Third, companies need to be transparent. Cook seems to be taking this seriously. A January 2012 Apple report included for the first time the names of companies that supply Apple with parts and services, something it had previously declined to do (3). Apple's site also notes that it has audited every "final assembly factory in its supply chain each year since 2006" (4). The key phrase here is "final assembly." We know from recent unfortunate events, that the final manufacturer, distributor, or assembler is not necessarily where problems can occur. Quality must be sewn into and confirmed throughout every point in a product's supply chain. Regulators have enforced this message repeatedly.
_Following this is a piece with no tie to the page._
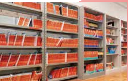
「赤本」約1,500冊などの資料を備える進路閲覧室

進路閲覧室では、自分の進路に関する必要な情報を入手できるよう、各大学の資料や過去の入試問題、進路を考える上で有益なデータを数多く揃えています。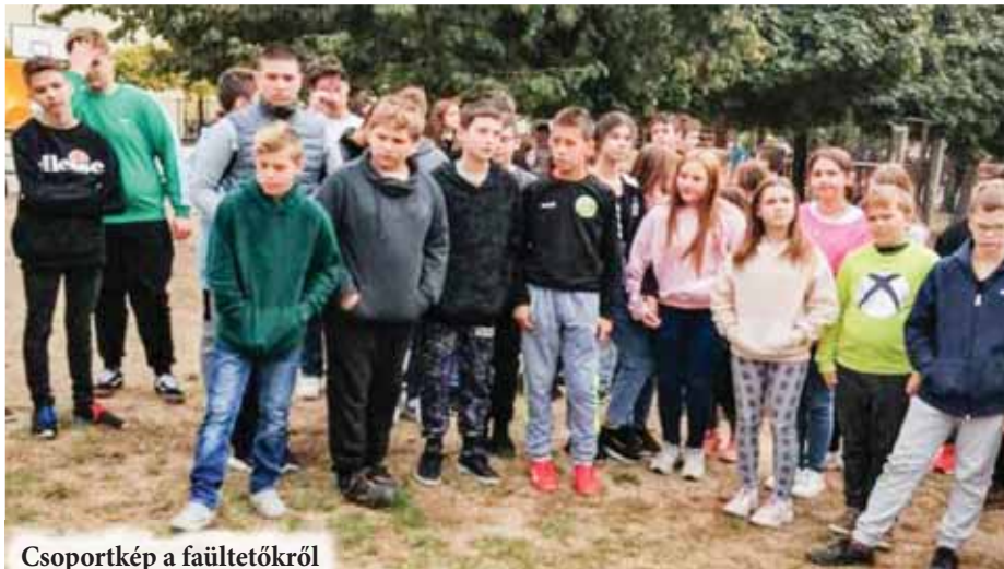
Csoportkép a faültetőről

úgy gondolom, hogy az ilyen akcióknak nagy a nevelési értéke több oldalról is. Egyrészt a környezetvédelem, másrészt a fizikai munka megbecsülése terén.

I believe these points are must-do's to help secure the industry's product supply chain. A statement by Apple to the Times noted, "Our team has been working for years to … make Apple's supply chain a model for the industry.." (5). Clearly, the company still has some work to do—and so does pharma. But I think we're headed in the right direction.

Sources: 1) FLA, Foxconn Invest. Report, Mar. 29, 2012. 2.) D. Barboza, N.Y. Times online, June 6, 2010. 3) N. Wingfield, N.Y. Times online, Apr. 1, 2012. 4) Apple Press Release, Feb. 13, 2012. 5) C. Duhigg, S. Greenhouse. N.Y. Times online, Mar. 29, 2012.